Сравнительно с длинным туловищем голова у предполагаемого бомбиста была небольшая, мелкие черты лица, цвет кожи смуглый, глаза маленькие, серые, а рот очень большой.
- Это полицейский произвол! - возмутился он. - По какому праву вы притащили меня в этот дом? Я буду жаловаться…
- Ты подозреваешься в покушении на Государя 1 марта! - полицмейстер решил сразу пойти в атаку. - Поэтому жаловаться у тебя вряд ли получиться…
- Это ошибка! Я не имею отношения к этому преступлению!
- А твой подельник Николай Рысаков сообщил мне другое, - усмехнулся он. - Сообщил твои приметы, где искать и даже прозвище «Сугубый», по происхождению сын псаломщика.
Бомбист поник головой, обдумывая слова полковника. Он его не торопил, понимая, что деваться ему некуда.
- Зовут меня Иван Пантелеймонов Емельянов! - решился он. - Я был на Екатерининском канале в тот день, но в покушении не участвовал!
- Это теперь нужно доказать! - вступил в разговор Кох. - Как говориться, чистосердечное признание смягчает вину.

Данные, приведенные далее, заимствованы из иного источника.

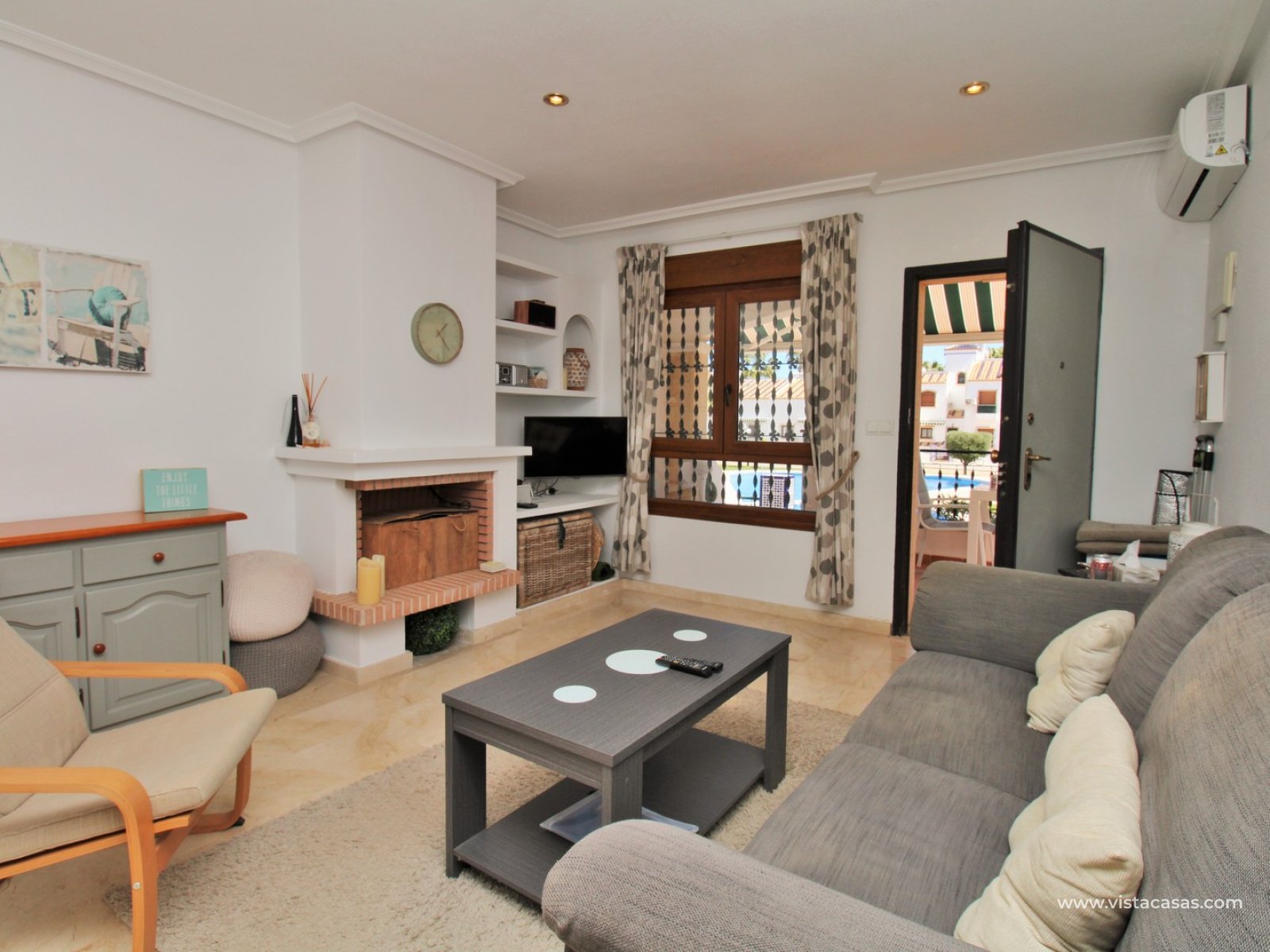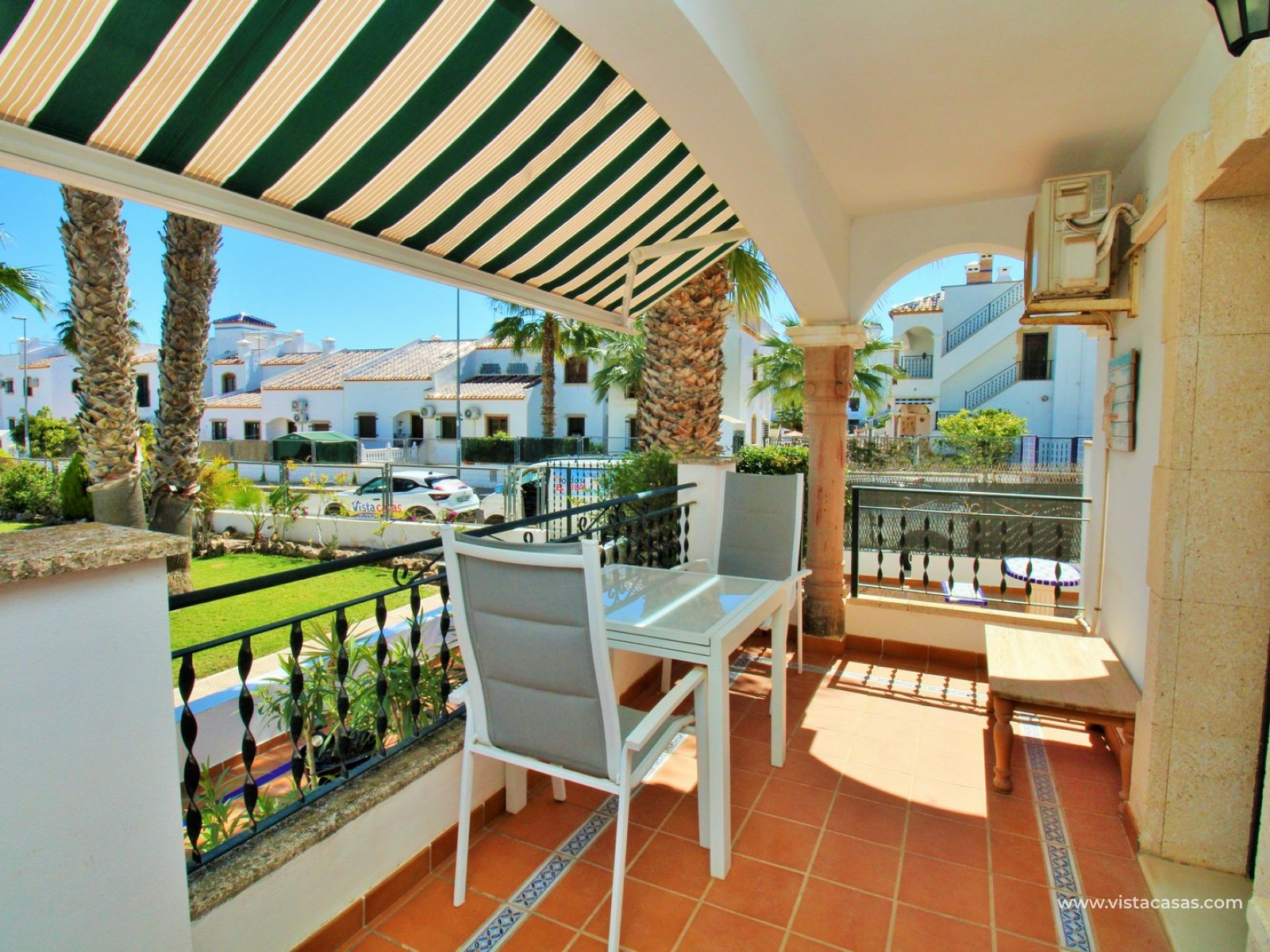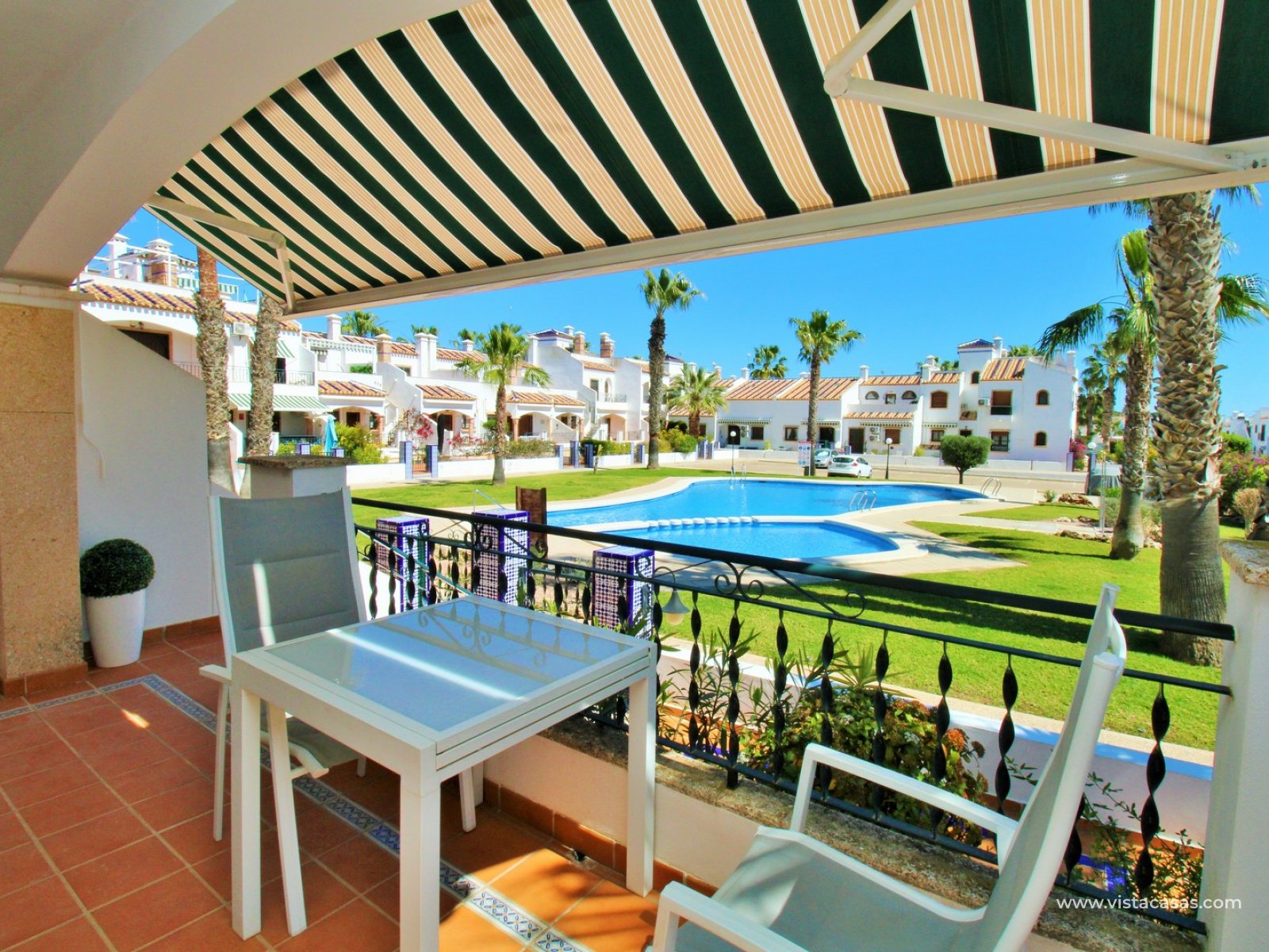 Immaculately presented ground floor 2 bedroom, 2 bathroom apartment ideally positioned directly overlooking the communal pool within the highly sought-after gated community of R9 in Pau 8, Villamartin.

- Я всё расскажу, что знаю… - заверил Емельянов. - Только после убийства Государя я понял, в подготовке какого чудовищного преступления участвовал.
Офицер
Красавец мужчина, бывший офицер Сергей Кравчинский, рано утром вышел из съёмной квартиры на Литейном проспекте и двинулся в сторону Невского проспекта. Ночью выпал снег и дворники не успевали счищать его с бесконечных мостовых.
- Вот, чёрт! - выругался он, поскользнувшись на подмороженном и укатанном сотнями прошедших до него ног тротуаре. - Так недолго убиться и не выполнить великое предназначение…
Кравчинский всегда знал, что рождён для великих дел. Поэтому вначале выбрал для себя военное поприще.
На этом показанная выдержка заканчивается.